The WNT/β-catenin, Notch, and Hedgehog pathways are among the key signaling mechanisms that regulate self-renewal in CSCs [137]. Therefore, targeting signaling pathways through various strategies and regulatory levels could enhance the elimination of CSCs. In one study, Karandish et al. used iRGD-functionalized polymersomes to deliver napabucasin, an inhibitor of cancer stemness [138]. The iRGD-targeted polymersomes delivering napabucasin reduced viability in prostate and pancreatic CSCs and downregulated stemness markers such as Notch-1 and Nanog, demonstrating their inhibitory effect. Similarly, Liu et al. developed NPU0126 NPs using PEG-PLA to deliver the MAPK inhibitor U0126 for treating hepatocellular carcinoma.

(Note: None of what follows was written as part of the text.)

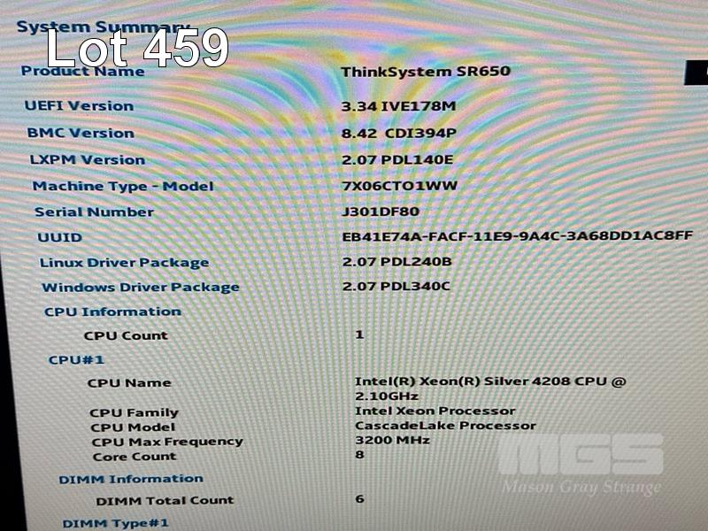 RACKMOUNT SERVER, LENOVO THINKSYSTEM SR650, 2U, XEON SILVER 4208 @ 2.1GHz, 96GB RAM, 5 x 900GB SAS (12Gbps) HDD, 2 x 750W PSU (NO CABLES) S/N:J301DF80

This approach showed strong therapeutic efficacy, reduced toxicity, and significantly impaired sphere formation and CD133+ CSC populations, indicating disrupted self-renewal and stemness [139]. To enhance CSC targeting, Miller-Kleinhenz et al. designed ultrasmall magnetic iron oxide NPs (IONPs) functionalized with iWnt and ATF24 peptides targeting uPAR. The iWnt-ATF24-IONP loaded with doxorubicin (DOX) effectively suppressed WNT/β-catenin signaling, reduced uPAR and CSC marker expression, and inhibited invasion and proliferation in CD44high/CD24low cancer stem-like cells [140]. Table 4 presents various drug delivery platforms and carriers designed to target CSC-related signaling pathways [138,139,140,141,142,143,144,145,146,147,148,149,150,151].

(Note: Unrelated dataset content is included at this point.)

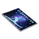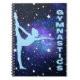 Galaxy Gymnastics design com estrelas brancas, forma leitosa, silhueta de ginástica feminina azul de pó claro e diz ginástica em forma vertical.
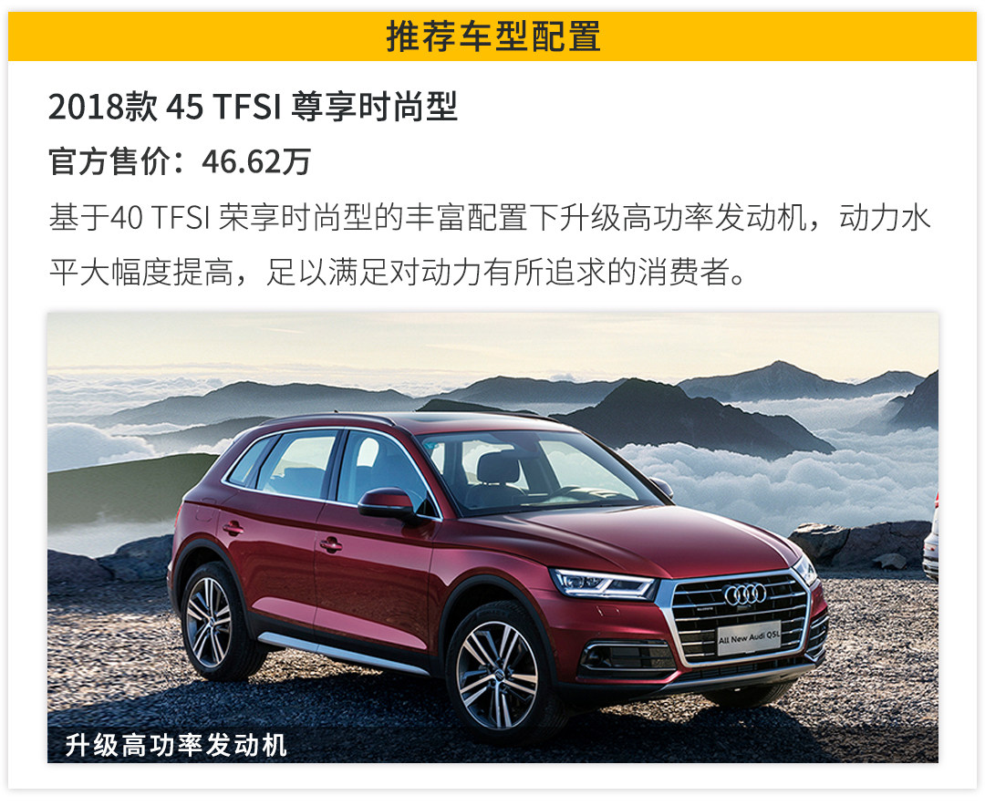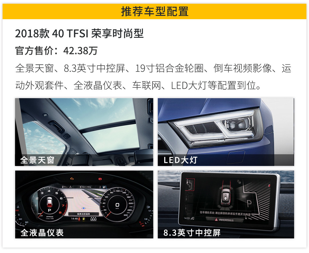 如果对动力有追求,那么其实选择45TFSI的最低配就够,因为其他更高的配置虽然加价不贵,但实际配置的实用性并不高,或者说其价值并不高,而最低配已经有了这个级别最基本最实用的配置了。

9. Clinical and Preclinical Studies

The therapeutic potential of PDT in cancer treatment was first explored in the late 1970s, with a pioneering study investigating the effect of hematoporphyrin derivative activated by light in five patients with bladder cancer [152]. Since the inaugural study, over 250 clinical trials have been completed, demonstrating the efficacy of PDT. Recent systematic reviews confirm that PDT is a promising therapeutic approach for managing both premalignant and malignant skin cancers [153]. Additionally, PDT can be utilized to irradiate tumor beds and enhance long-term local disease management when combined with surgery. Additionally, PDT has demonstrated outstanding results in numerous clinical trials for a range of upper gastrointestinal malignancies [154]. PDT has been explored as a treatment for malignant brain tumors in various clinical trials, although the majority of these studies were preliminary phase I and II investigations [155]. Assessing the efficacy of PDT is complicated due to the heterogeneity of techniques, adjuvant medications, and tumor subtypes employed across various studies. Moreover, PDT offers potential for tumor irradiation and long-term local disease control, making it a promising therapeutic approach [152].
In a preclinical investigation, mice are inoculated with 350,000 CT-26 cells subcutaneously and subjected to vascular PDT using redaporfin. The treatment regimen consisted of administering 0.75 mg/kg of redaporfin, followed by exposure to 748 nm light at a fluency of 50 J/cm2. This experimental setup enabled the assessment of immunological responses elicited by vascular redaporfin-PDT [156]. Foscan® is now being used in a number of preclinical and clinical investigations to treat prostate cancer. In vitro experiments utilizing LNCaP human prostate cancer cells evaluated the photodynamic properties of FosPeg®, a liposomal formulation of mTHPC conjugated with polyethylene glycol (PEG) [157]. Although 5-aminolevulinic acid (5-ALA) has been approved for treating basal cell carcinoma (BCC), its use for prostate cancer is still under investigation. Ongoing preclinical and clinical trials are exploring the potential of 5-ALA and its derivatives as therapeutic agents for prostate cancer [158]. Preclinical investigations showed that padoporfin-mediated PDT is a promising, minimally invasive treatment approach for localized, advanced small-cell prostate cancer, offering efficacy and acceptable tolerability [159]. Despite ongoing preclinical and clinical research, no photosensitizers have been approved specifically for breast cancer treatment. Various photosensitizing agents, including “Photofrin®, Foscan®, Laserphyrin®, Purlytin®, Verteporfin®, and LuTex®”, are being investigated in preclinical and clinical trials for their potential in treating breast cancer [160]. The current clinical trials for PDT cancer treatment are displayed in Table 5.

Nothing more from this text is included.